Ms Suu Kyi’s entry into parliament comes a month after her party’s landslide victory in a by-election and two days after backing down in a stand-off over the wording of an oath to protect the constitution sworn by all new members of parliament.

The parliamentary session was to have ended on Monday but was extended in part to allow Ms Suu Kyi and fellow members of the National League for Democracy (NLD) to take their seats.
Entering the chamber, she at first sat down on her own, near the block reserved for serving military men who have a quarter of the seats under the constitution, and seemed relaxed as other lawmakers greeted her.

She then lined up with colleagues to take the oath, including a pledge to uphold a constitution her party wants to change because it gives the military a leading political role.
Asked if she felt awkward working with the military, she replied, “Not at all, I have tremendous goodwill towards the military. It doesn’t in any way bother me to sit with them.”

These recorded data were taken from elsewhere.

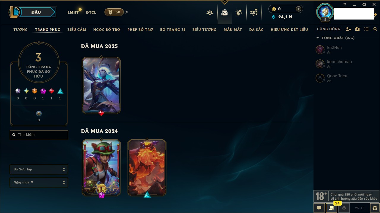 Rank Đơn: Vàng IIIKhung: VàngTướng: 172 - Còn 164704 THXTrang Phục: 255Rank ĐTCL: Kim Cương IVLinh Thú: 156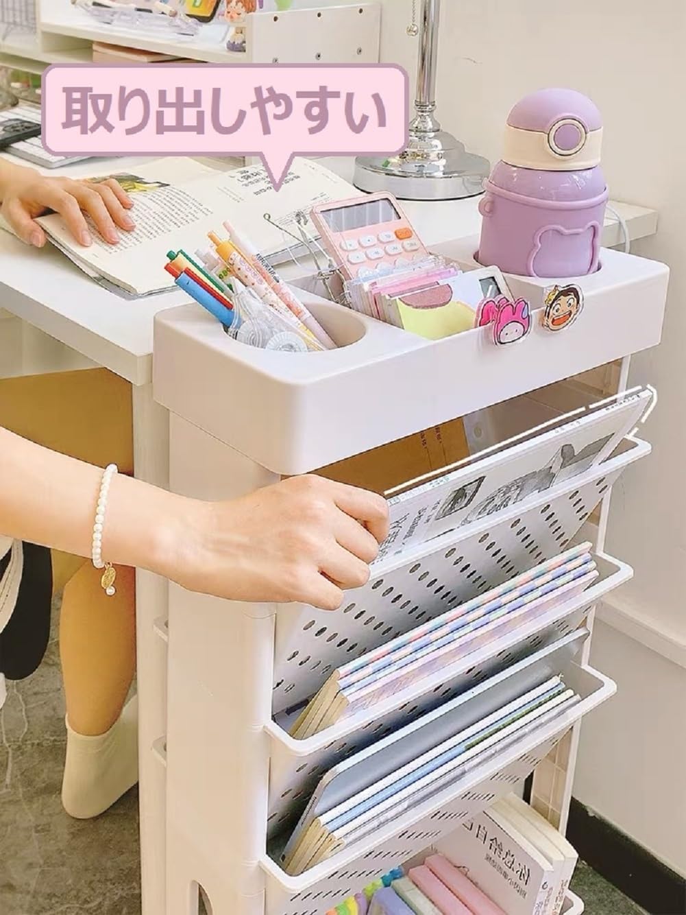 本棚 書類棚 5段 書類ワゴン デスク 文房具 事務用品 机上収納 整理用品 ブックスタンド 超目玉商品 ホワイト グリーン ピンク イエロー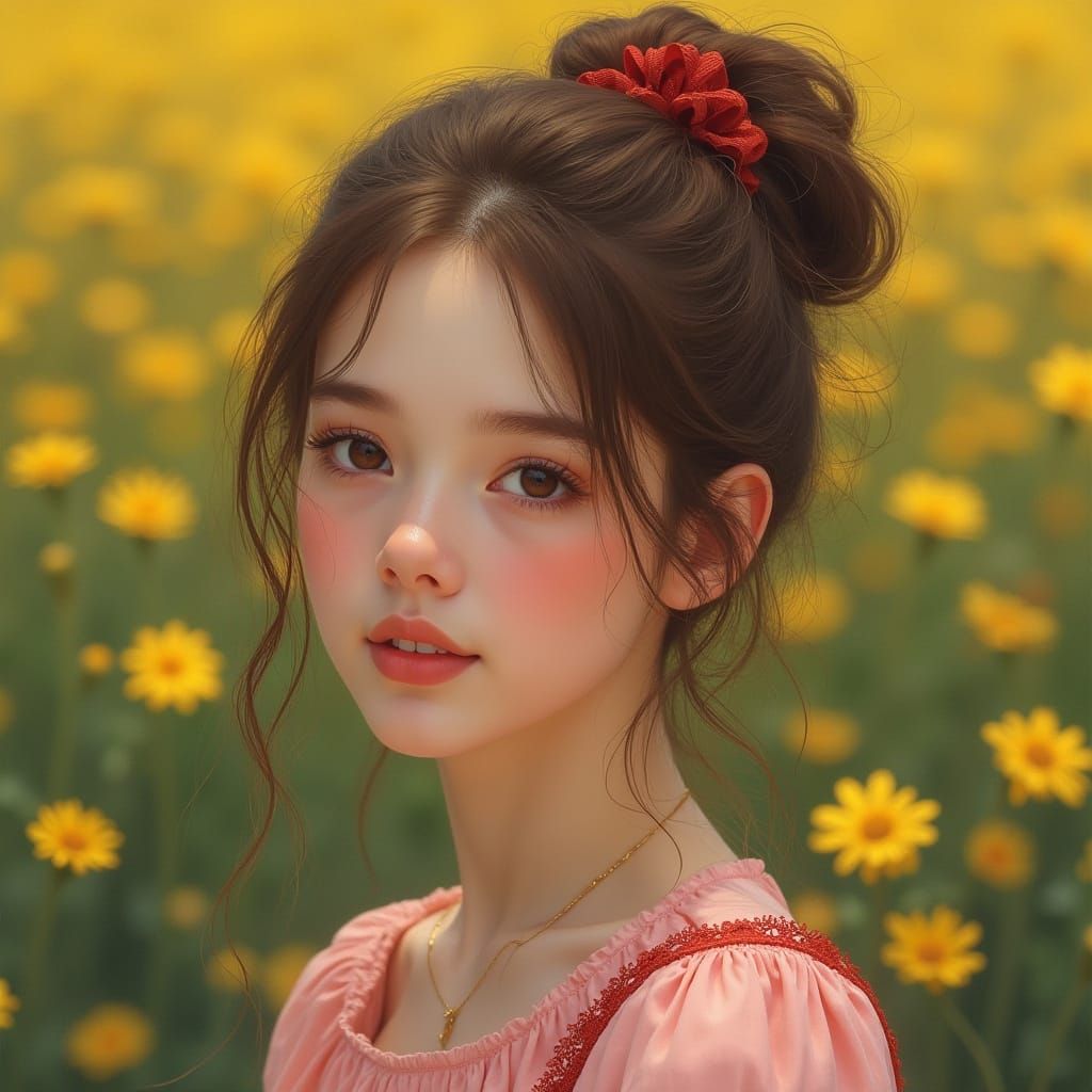 A hyperrealistic 8k portrait of a smiling young woman with light brown hair styled in a loose bun with red lace. She wears a soft pink blouse, set against blurred yellow flowers, in an art nouveau style.

Her comments reflect the dramatic scale of change in the former Myanmar, given the military’s past treatment of Ms Suu Kyi, who was first detained by the army in 1989, and then spent 15 of the next 21 years in detention until her release from house arrest in November 2010.

Many lawmakers hope Ms Suu Kyi’s parliamentary debut will be a catalyst for further reform by the government of President Thein Sein, a former general who has freed hundreds of political prisoners, legalised trade unions and protests, and started a dialogue with  ethnic minority rebels.

“Parliament will be stronger because of her good relationship with the international community,” said Khin Maung Yi, a lawmaker from the National Democratic Force party. “We parliamentarians have wanted her in the legislature for a long time ... Many laws have to be changed and amended.”

Speaking to reporters after Wednesday's ceremony the veteran dissident said: "I believe I can serve the interests of the people more than before".

She was then whisked away by car to Naypyidaw airport to return to Yangon.